How Have Lawmakers Fought Back Against Title X Changes?
According to reporting from NPR, Planned Parenthood decided to forego their Title X-funded status to remain unaffected and continue providing high-quality and unbiased care. In some states, however, local governments are working to ensure that there is still access to care.
Governor of Illinois J.B. Pritzker, for example, recently signed into law the Reproductive Health Act as a means to thwart any attempts to restrict contraception access. The Illinois Department of Public Health also plans to set aside $2.4 million in funding to grantees who previously benefited from Title X in an effort to soften any blows caused by lack of federal funding. And in Hawaii, state lawmakers likewise set aside funds to help avoid any potential lapses in care. Providers are also relying on awareness from the public to spread the word and support reproductive health clinics like Planned Parenthood and the patients that benefit from their services.
What Can You Do to Help?
Many states have already taken the initiative to set aside funds for any financial repercussions that will be felt as a result of Title X funding losses, but you can also make a donation directly to Planned Parenthood to show your support. Additionally, you can call Congress using this number, 202-601-3441, and talk directly to your representatives. Or participate in a walk or an event hosted by NARAL, a nonprofit organization at the center of the pro-choice movement.
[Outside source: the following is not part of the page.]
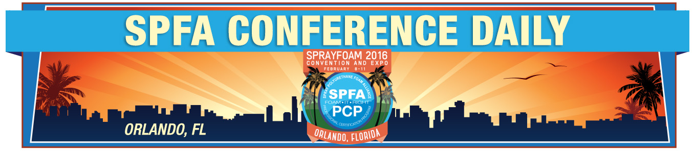 Want to be sure you know about everything going on during Sprayfoam 2016? A good start would be to check your inbox every morning during the show for our Conference Daily eNewsletter. If you are signed up to receive SPFA’s bi-weekly eNewsletter, you will automatically receive our Conference Daily eNewsletter. Or sign up here.

For a more long-term solution, you can make a concerted effort to buy products from corporations that are not affiliated with re-election efforts of politicians who support decreased funding to the government services you support. You can also register to vote either online or in-person and begin participating in House and Senate races with each election cycle.
It may feel like there isn’t enough energy in the world to push against the forces that are actively fighting against you. But the truth is, we all have the power to decide what level of energy we are willing to invest in long-term change and the more people decide to take action — even if it’s small — the more those actions will accumulate to greater influence. In the case of Title X, there has already been a lot of positive momentum in the direction of resistance, and if you’re not ready to make a donation or scrawl a catchy saying on a protest sign, simply staying informed is a great place to start.